Obamas Kampagne ist "Apollo 11"

Allerdings: "Wir waren 2004 die Gebrüder Wright, die Obama-Kampagne war Apollo 11", so Joe Trippi, damals Wahlkampf-Manager von Dean.

Die Gebrüder Wright gelten Amerikanern als Erfinder der ersten Flugzeuge, Apollo 11 war die Verwirklichung des John F.-Kennedy-Traums vom Menschen auf dem Mond. Und unter Kennedy machen es die Obama-Vergleiche ja nicht mehr.

Im Bezug auf den Wahlkampf ist das auch gerechtfertigt.
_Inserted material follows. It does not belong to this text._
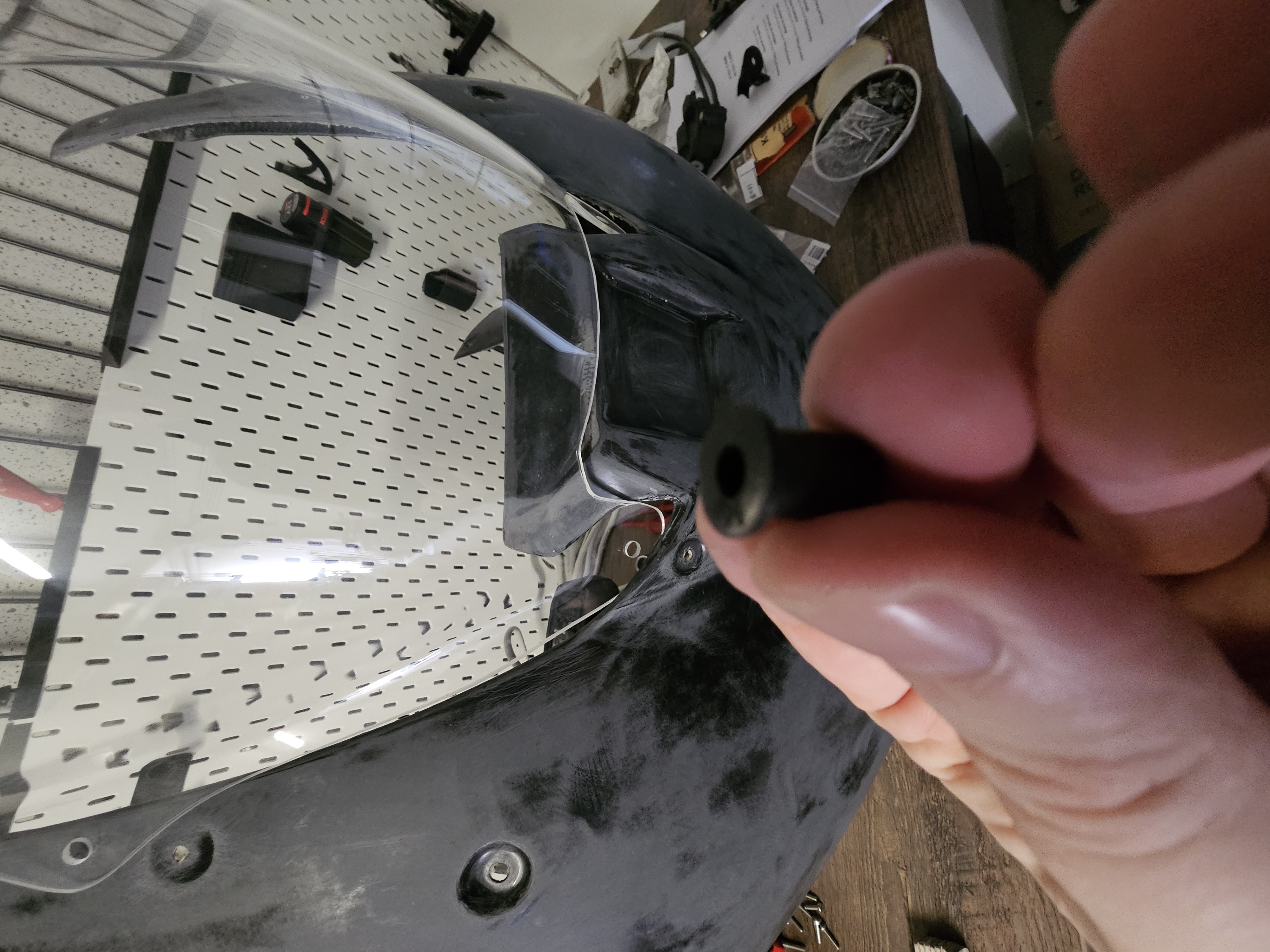 das ist jetzt mit Sicherheit eine total dämliche Frage aber ich stehe auf dem Schlauch. Könnt ihr mir sagen wie ich die Scheibe an der Verkleidung befestige? Beides ist von IMT Fairings für die M1000RR. Die gummierten Schrauben passen nicht durch die Löscher in der Scheibe.

Terry Nelson, der politische Direktor der Bush-Kampagne 2004: "Es ist eine grundsätzliche Veränderung des Wahlkampfs." Und die Wähler verändern sich mit: Sie sind skeptischer, überpürfen die Werbespots sofort auf ihren Wahrheitsgehalt, verschicken originelle Ads und den nächsten Obama-Auftritt im lokalen Stadion an Freunde und so weiter.

Diese Technik wid künftig jeder in den USA nutzen, vom Senator in einem Bundesstaat bis zum Präsidentschaftskandidat. Allerdings: "Ohne einen Kandidaten, der die Leute begeistert", so der Obama-Wahlkämpfer David Plouffe, können Sie die beste Strategie und Maschinerie aller Zeiten haben - und es wird nichts nützen".